Data excerpts:
※
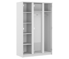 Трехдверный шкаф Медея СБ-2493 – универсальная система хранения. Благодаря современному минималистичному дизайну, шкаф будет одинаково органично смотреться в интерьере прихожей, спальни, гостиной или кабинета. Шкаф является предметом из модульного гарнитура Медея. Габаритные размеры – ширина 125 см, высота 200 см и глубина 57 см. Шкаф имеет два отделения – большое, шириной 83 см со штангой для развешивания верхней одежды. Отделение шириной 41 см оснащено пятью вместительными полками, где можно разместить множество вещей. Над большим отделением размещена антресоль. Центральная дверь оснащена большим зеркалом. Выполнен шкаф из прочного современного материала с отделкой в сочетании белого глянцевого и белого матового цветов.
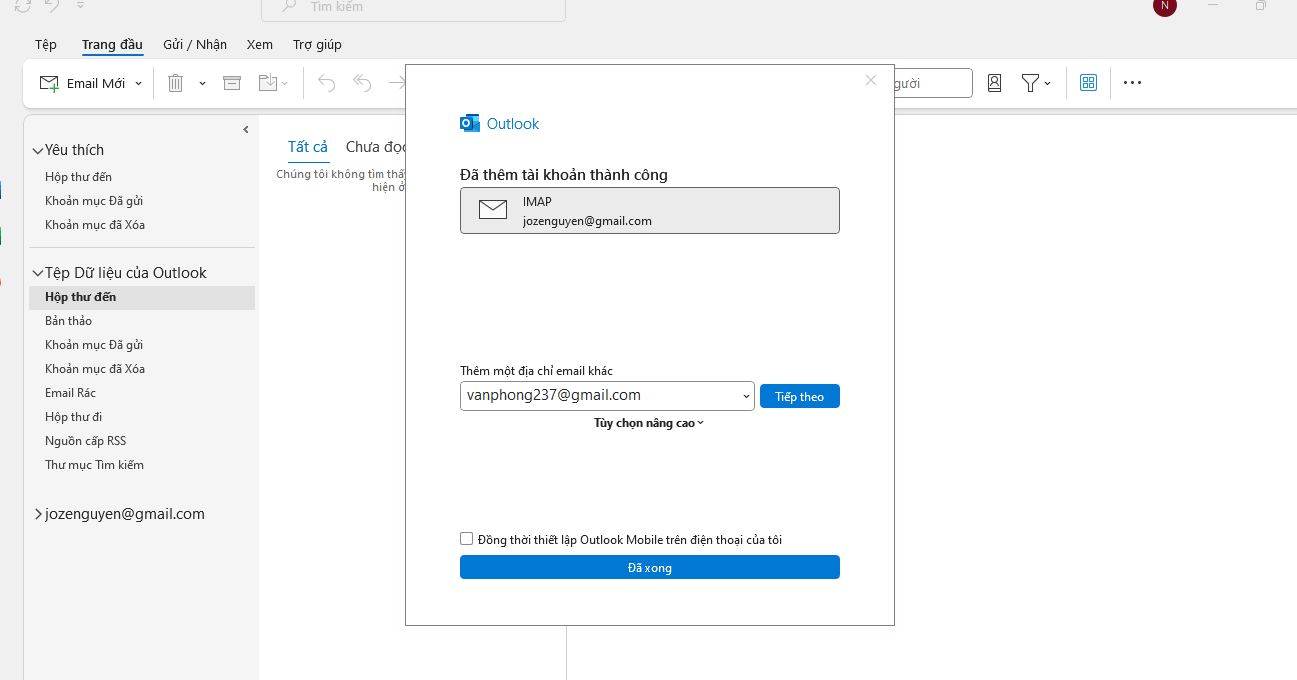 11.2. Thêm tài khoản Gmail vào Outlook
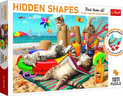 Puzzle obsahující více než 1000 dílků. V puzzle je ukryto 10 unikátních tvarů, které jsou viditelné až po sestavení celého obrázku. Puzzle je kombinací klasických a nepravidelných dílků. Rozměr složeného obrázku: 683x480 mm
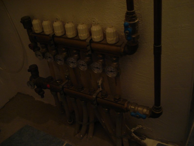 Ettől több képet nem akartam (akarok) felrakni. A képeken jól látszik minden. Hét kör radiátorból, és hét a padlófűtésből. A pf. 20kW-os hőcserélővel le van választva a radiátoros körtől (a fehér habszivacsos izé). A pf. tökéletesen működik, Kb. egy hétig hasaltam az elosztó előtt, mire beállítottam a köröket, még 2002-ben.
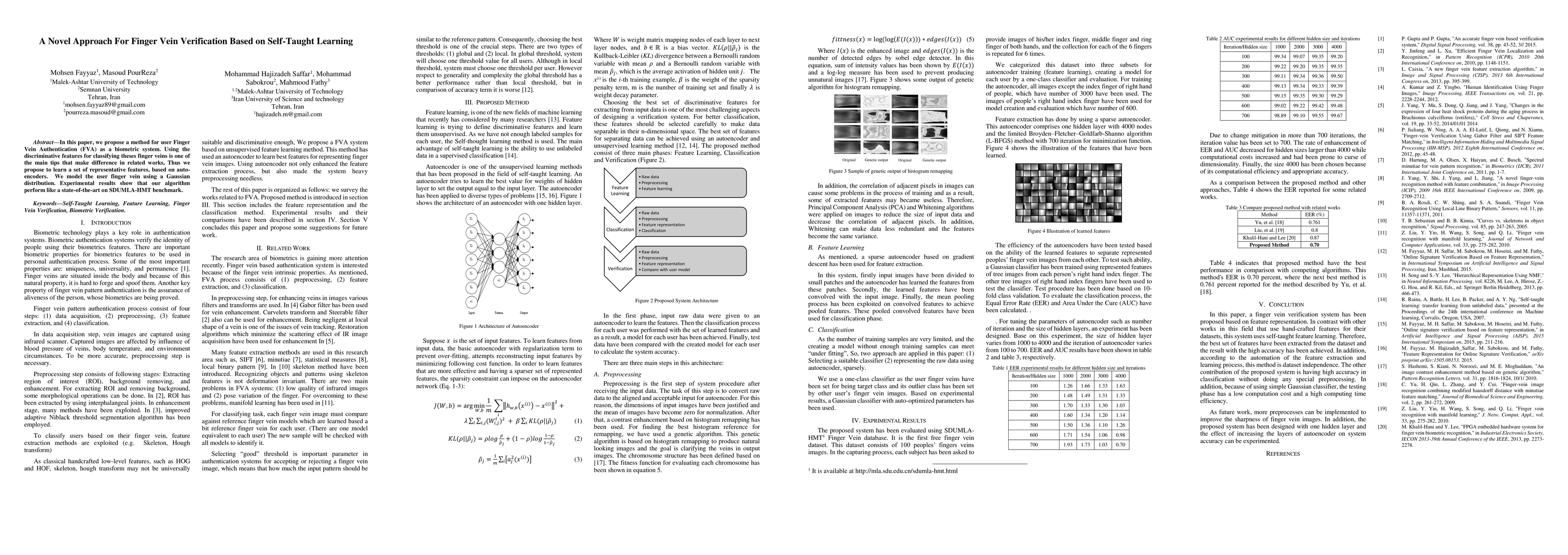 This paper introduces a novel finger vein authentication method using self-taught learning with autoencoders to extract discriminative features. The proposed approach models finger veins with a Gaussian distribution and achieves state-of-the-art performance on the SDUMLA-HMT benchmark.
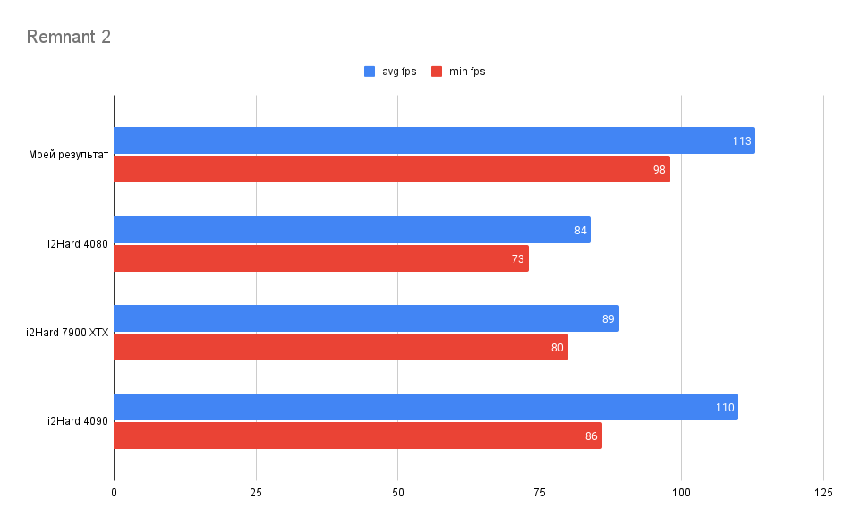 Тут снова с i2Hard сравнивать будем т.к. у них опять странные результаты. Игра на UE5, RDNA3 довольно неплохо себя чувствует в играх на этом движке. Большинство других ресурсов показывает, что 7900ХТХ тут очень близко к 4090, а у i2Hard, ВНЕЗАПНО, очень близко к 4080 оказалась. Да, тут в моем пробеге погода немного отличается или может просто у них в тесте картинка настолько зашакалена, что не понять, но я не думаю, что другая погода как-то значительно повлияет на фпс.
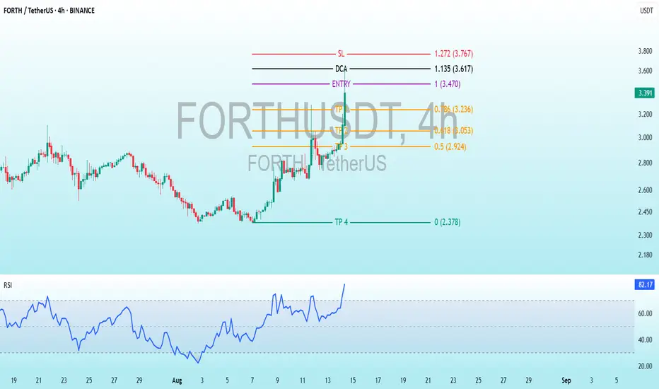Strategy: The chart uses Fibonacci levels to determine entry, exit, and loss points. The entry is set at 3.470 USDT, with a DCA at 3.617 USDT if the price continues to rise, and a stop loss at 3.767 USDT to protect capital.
※
### WORK REQUIRED
Your answer should be every entry repeated exactly, minus the pictures.

### EXPECTED OUTPUT
 Трехдверный шкаф Медея СБ-2493 – универсальная система хранения. Благодаря современному минималистичному дизайну, шкаф будет одинаково органично смотреться в интерьере прихожей, спальни, гостиной или кабинета. Шкаф является предметом из модульного гарнитура Медея. Габаритные размеры – ширина 125 см, высота 200 см и глубина 57 см. Шкаф имеет два отделения – большое, шириной 83 см со штангой для развешивания верхней одежды. Отделение шириной 41 см оснащено пятью вместительными полками, где можно разместить множество вещей. Над большим отделением размещена антресоль. Центральная дверь оснащена большим зеркалом. Выполнен шкаф из прочного современного материала с отделкой в сочетании белого глянцевого и белого матового цветов.
 11.2. Thêm tài khoản Gmail vào Outlook
 Puzzle obsahující více než 1000 dílků. V puzzle je ukryto 10 unikátních tvarů, které jsou viditelné až po sestavení celého obrázku. Puzzle je kombinací klasických a nepravidelných dílků. Rozměr složeného obrázku: 683x480 mm
 Ettől több képet nem akartam (akarok) felrakni. A képeken jól látszik minden. Hét kör radiátorból, és hét a padlófűtésből. A pf. 20kW-os hőcserélővel le van választva a radiátoros körtől (a fehér habszivacsos izé). A pf. tökéletesen működik, Kb. egy hétig hasaltam az elosztó előtt, mire beállítottam a köröket, még 2002-ben.
 This paper introduces a novel finger vein authentication method using self-taught learning with autoencoders to extract discriminative features. The proposed approach models finger veins with a Gaussian distribution and achieves state-of-the-art performance on the SDUMLA-HMT benchmark.
 Тут снова с i2Hard сравнивать будем т.к. у них опять странные результаты. Игра на UE5, RDNA3 довольно неплохо себя чувствует в играх на этом движке. Большинство других ресурсов показывает, что 7900ХТХ тут очень близко к 4090, а у i2Hard, ВНЕЗАПНО, очень близко к 4080 оказалась. Да, тут в моем пробеге погода немного отличается или может просто у них в тесте картинка настолько зашакалена, что не понять, но я не думаю, что другая погода как-то значительно повлияет на фпс.
Strategy: The chart uses Fibonacci levels to determine entry, exit, and loss points. The entry is set at 3.470 USDT, with a DCA at 3.617 USDT if the price continues to rise, and a stop loss at 3.767 USDT to protect capital.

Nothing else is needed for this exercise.